Может быть, в ответ ты скажешь, что в одном из своих холлоуэйских писем я сам просил тебя попытаться, насколько сумеешь, хоть немного обелить меня в глазах хотя бы некоторых кругов? Разумеется, я просил об этом. Вспомни, почему я в эту самую минуту здесь и как я сюда попал. Не думаешь ли ты, что я попал сюда за связи с теми, кто выступал свидетелями на моем процессе? Мои вымышленные или реальные связи с подобными людьми не интересуют ни Правительство, ни Общество. Они ничего не ведали об этом, а интересовались и того меньше. Я попал сюда за то, что пытался посадить в тюрьму твоего отца. Конечно, моя попытка провалилась. Мои собственные адвокаты отказались от защиты. Твой отец поменялся со мной ролями и засадил меня в тюрьму, и я сижу в тюрьме до сих пор. Вот за что меня обливают презрением. Вот почему люди мной гнушаются.
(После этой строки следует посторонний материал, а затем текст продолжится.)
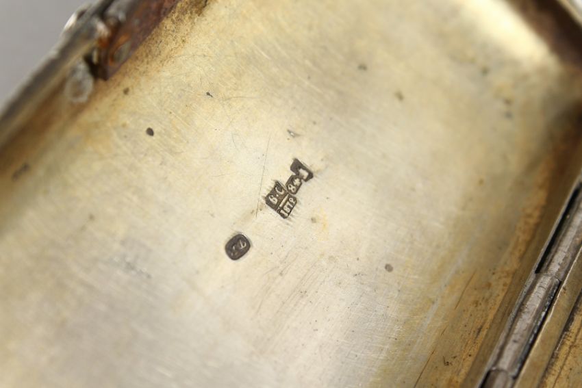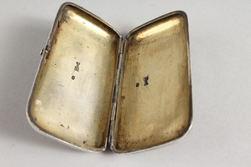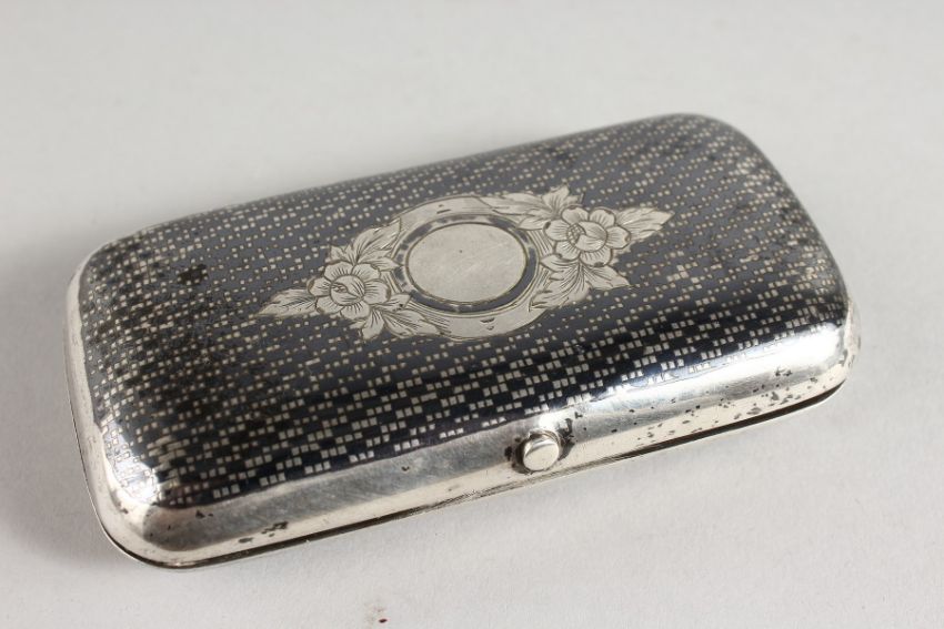 A RUSSIAN SILVER AND NIELLO CHEROOT CASE decorated with a game of "Blind Man's Bluff".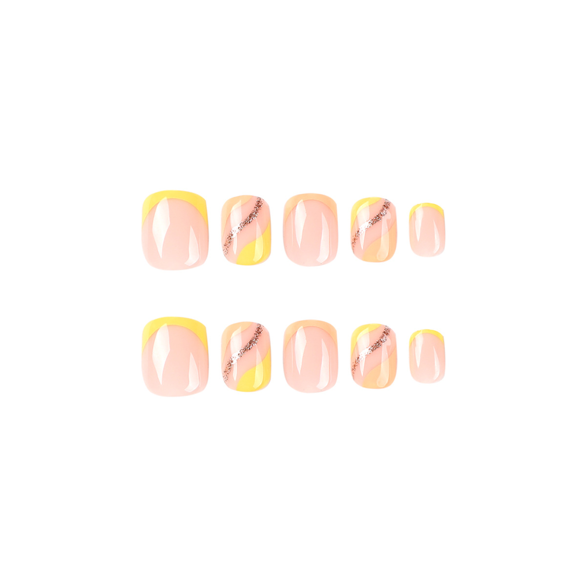 / 穿戴甲短款甲片黄色法式线条闪粉美甲贴片穿戴甲美甲false nails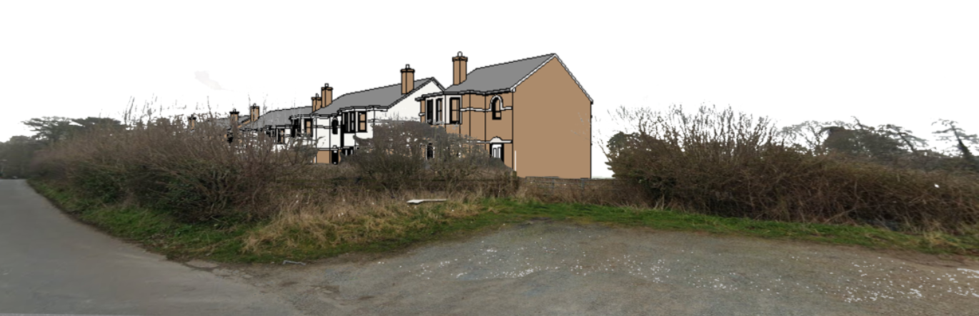 create a realistic render showing red brick georgian style houses nestled behind a hedgerow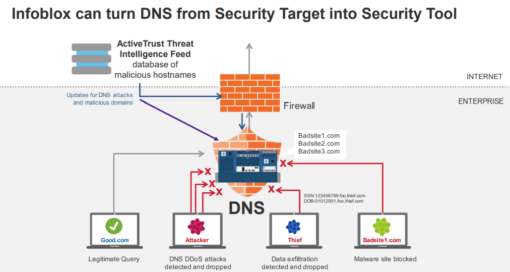 วิธีแรก ถ้าเป็นมัลแวร์ที่โลกโดนมาก่อนแล้ว ทีมวิจัยของ infoblox จะอัปเดทฐานข้อมูล url ที่ไม่ดีภายใน 2 ชั่วโมง ถ้ามีมัลแวร์จะเรียกหาเว็บที่ไม่ดี อยู่ในฐานข้อมูลของ infoblox ก็จะไม่ตอบ ip กลับไป มันก็เหมือนอินเทอร์เน็ตล่มสำหรับเว็บนั้น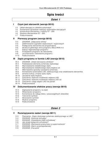 Kurs Mikrosterowniki S7-200 Podstawy Spis tre ci Dzie 1 I Czym jest sterownik (wersja 0810) I-3 I-4 I-5 I-6 I-7 II Układ steruj cy w układzie automatyki Porównanie sposobów realizacji automatów steruj cych Konstrukcja sterownika z rodziny S7 - 200 Rodzina sterowników S7 - 200 Podsumowanie Pierwszy program (wersja 0810) II-3 II-4 II-5 II-6 II-7 II-8 II-9 II-10 III Zapis programu w formie LAD (wersja 0810) III-3 III-4 III-5 III-6 III-7 III-8 III-9 III-10 III-11 III-12 III-13 III-14 IV ZADANIE „Zał czanie silnika” Zdefiniowanie sygnałów wej ciowych i wyj ciowych Podł czanie sterownika do programatora Struktura głównego okna programu Micro/WIN 4.0 Edycja najprostszego programu Przesyłanie programu do sterownika Uruchamianie i testowanie programu Podsumowanie ZADANIE „Układ sterowania silnikiem” Podstawowe elementy schematu stykowego Wprowadzanie dodatkowego styku Wprowadzanie dodatkowego styku/wyj cia cd Alternatywne sposoby rysowania schematu Porównanie schematów LAD, elektrycznego oraz okablowania sterownika Zmiana funkcji, zmiana opisu styku Usuwanie styku/wyj cia wiczenia: wybrane mo liwo ci edytora LAD wiczenia: wybrane mo liwo ci edytora LAD cd wiczenia: czego edytor LAD nie potrafi Podsumowanie Dokumentowanie efektów pracy (wersja 0810) IV-3 IV-4 IV-5 IV-6 IV-7 IV-8 IV-9 Zapisywanie programu na dysk Wła ciwo ci programu Komentarze do całego bloku i poszczególnych obwodów Tworzenie symboli Stosowanie symboli Wydruk programu Podsumowanie Dzie 2 V Rozwi zywanie zada (wersja 0811) V-3 V-4 V-5 V-6 V-7 V-8 V-9 wiczenie: „Zapis zło onego schematu elektrycznego w LAD” ZADANIE „Automat sortuj cy” ZADANIE „O wietlenie klatki schodowej” Jak działa wył cznik schodowy? ZADANIE „Sterowanie prac kasy w supermarkecie” ZADANIE „Alarm przeciwpo arowy” ZADANIE „Parownik” 0-1 Kurs Mikrosterowniki S7-200 Podstawy VI Układy z podtrzymaniem (wersja 0811) VI-3 VI-4 VI-5 VI-6 VI-7 VI-8 VI-9 VI-10 VI-11 VI-12 VI-13 VI-14 VI-15 VII Zasada działania sterownika (wersja 0901) VII-3 VII-4 VII-5 VII-6 VIII Cykliczny sposób działania sterownika 1/2 Rozkazy dost pu bezpo redniego Cykliczny sposób działania sterownika 1/2 Podsumowanie Podział i adresacja pami ci sterownika (wersja 0810) VIII-3 VIII-4 VIII-5 VIII-6 IX ZADANIE „Przeno nik ta mowy” Przeka nikowe układy z podtrzymaniem ZADANIE „Rejestracja zdarze ” Funkcje podtrzymania - realizacja w LAD ZADANIE „Sterowanie kotar ” Impulsatory Przycisk dwustanowy ZADANIE „Kasa sklepowa” Przerzutnik RS Przerzutnik SR ZADANIE „Myjnia półautomatyczna” Elementy wyj ciowe z podtrzymaniem Podsumowanie Zasady adresowania zmiennych w sterownikach S7 - 200 Przestrze adresowa pami ci zmiennych sterownika CPU 224 Obszary o odr bnych zasadach adresacji dla CPU 224 Podsumowanie Obszar danych systemowych (wersja 0810) IX-3 IX-4 IX-5 IX-6 IX-7 Przegl d zawarto ci pami ci specjalnej Znaczenie bitów w bajcie SMB0 SMB6: rejestr identyfikacji CPU Ró ne inne specjalne słowa i bajty Podsumowanie Dzie 3 X Monitorowanie i modyfikacja zmiennych (wersja 0810) X-3 X-4 X-5 X-6 X-7 XI Czynno ci zwi zane z monitorowaniem i modyfikowaniem zmiennych Funkcja Status Chart - wywołanie Funkcja Status Chart - opis Funkcja Status Chart - trendy Podsumowanie Operacje arytmetyczne na liczbach całkowitych (wersja 0811) XI-3 XI-4 XI-5 XI-6 XI-7 XI-8 XI-9 ZADANIE „Kontrola ilo ci towaru w magazynie” Struktura podstawowych operacji arytmetycznych Rodzaje podstawowych operacji arytmetycznych na liczbach całkowitych Działanie operacji MUL oraz DIV Bity pami ci SM zwi zane z operacjami arytmetycznymi Operacje pomocnicze: Zwi kszanie i Zmniejszanie Podsumowanie 0-2 Kurs Mikrosterowniki S7-200 Podstawy XII Kopiowanie danych (wersja 0810) XII-3 XII-4 XII-5 XII-6 XII-7 XII-8 XIII ZADANIE „Kontrola ilo ci towaru w magazynie – zerowanie/zadawanie stanu” Instrukcje kopiowania danych - Zestawienie Operacje kopiowania pojedynczych danych Operacje przenoszenia bloków danych Operacja powielania danych Podsumowanie Operacje porównania (wersja 0810) XIII-3 XIII-4 XIII-5 XIII-6 XIV ZADANIE: „Kontrola stanu magazynowego” Struktura układu porównuj cego Dost pne relacje porównania Podsumowanie Formaty liczb całkowitych (wersja 0810) XIV-3 XIV-4 XIV-5 XIV-6 XIV-7 XIV-8 XIV-9 XIV-10 XIV-11 XIV-12 XIV-13 XIV-14 XV Naturalne formaty danych Podstawowe systemy liczbowe Zakresy liczb całkowitych Zapis liczby ujemnej całkowitej Pomocnicze formaty liczbowe - format HEX i BCD Przykłady konwersji ZADANIE „Konwersja liczb” Struktura konwertera Dost pne konwersje liczb całkowitych Dekoder Enkoder Podsumowanie Zliczanie zdarze (wersja 0810) XV-3 XV-4 XV-5 XV-6 XV-7 XV-8 XV-9 XV-10 XV-11 XV-12 ZADANIE „Zliczanie elementów schodz cych z przeno nika” Funkcje poszczególnych ko cówek licznika CTU Praca licznika CTU - przebiegi czasowe Funkcje poszczególnych ko cówek licznika CTD Praca licznika CTD - przebiegi czasowe ZADANIE „Kontrola ilo ci elementów na przeno niku” Funkcje poszczególnych ko cówek licznika CTUD Praca licznika CTUD - przebiegi czasowe ZADANIE „Sterowanie napełnianiem pojemników” Podsumowanie Dzie 4 XVI Układy czasowe (wersja 0810) XVI-3 XVI-4 XVI-5 XVI-6 XVI-7 XVI-8 XVI-9 XVI-10 XVI-11 XVI-12 XVI-13 XVI-14 XVI-15 ZADANIE „Suszarka do r k” Zasada działania układu czasowego w S7-200 Funkcje poszczególnych ko cówek układu czasowego Układ czasowy TON - przebiegi czasowe Układ czasowy TONR - przebiegi czasowe Timer TOF - przebiegi czasowe Porównanie działania Timerów ZADANIE „Kontrola pracy silnika” ZADANIE „Kontrola długo ci detalu” ZADANIE „Generatory” Uaktualnianie stanu Timerów 100 ms Uaktualnianie stanu Timerów 10 ms Uaktualnianie stanu Timerów 1 ms 0-3 Kurs Mikrosterowniki S7-200 Podstawy XVI-16 Porównanie sposobów uaktualniania stanu Timerów XVI-17 Obsługa zegara czasu rzeczywistego XVI-18 Podsumowanie XVII Podł czanie sterownika (wersja 0904) XVII-3 Specyfik

Вот почему мне придется отбыть ужасное заключение до последнего дня, до последнего часа, до последней минуты. Вот почему на все мои прошения отвечают отказом.
Ты был единственным человеком, который мог бы, не подвергая себя насмешкам, опасностям или осуждению, придать всему делу иную окраску, представить все обстоятельства в ином свете, до некоторой степени приоткрыть истинное положение вещей. Конечно, я не ожидал бы, даже не хотел бы, чтобы ты рассказывал, с какой целью ты просил моей помощи, когда с тобой случилась та неприятность в Оксфорде, и как или с какой целью — если у тебя была хоть какая-то цель — ты буквально не отходил от меня в течение двух с лишним лет. Не было необходимости говорить о моих постоянных усилиях избавиться от этой дружбы, столь губительной для меня — художника, известного человека, да и просто члена общества, — говорить с теми подробностями, как я говорю здесь. Я бы не просил тебя ни рассказывать о сценах, которые ты мне устраивал так регулярно, что это стало отдавать однообразием, ни оглашать ту удивительную серию твоих телеграмм ко мне, в которых причудливо переплеталась романтичность с расчетливостью, ни цитировать на выбор самые отвратительные и бессердечные места из твоих писем, как мне пришлось сделать поневоле. И все же я думаю, что для тебя и для меня было бы лучше, если бы ты хоть отчасти опроверг выдуманную твоим отцом версию нашей дружбы, — шутовства в этой версии не меньше, чем яда, и если меня она бесчестит, то тебя выставляет в самом нелепом свете. Эта версия отныне уже всерьез стала достоянием истории: на нее ссылаются, ей верят, ее заносят в анналы; проповедник избрал ее темой для проповеди, а моралист — для своего нудного назидания, и я, беседовавший со всеми веками, был вынужден выслушать свой приговор от нашего века, схожего с обезьяной и шутом. В этом письме я уже говорил, и, признаюсь, не без горечи, что ирония положения привела к тому, что твой отец станет живым прототипом героя хрестоматий для воскресной школы, тебя поставят в один ряд с отроком Самуилом, а мне отведут место между Жилем де Ретцем и маркизом де Садом. Что ж, все это к лучшему. Я не собираюсь жаловаться. Один из многих уроков, которые нам дает тюрьма, — порядок вещей таков, как есть, и все будет, как будет. И у меня нет ни малейшего сомнения, что средневековый злодей и автор «Жюстины» составят мне компанию получше, чем Сэндфорд и Мертон.[51]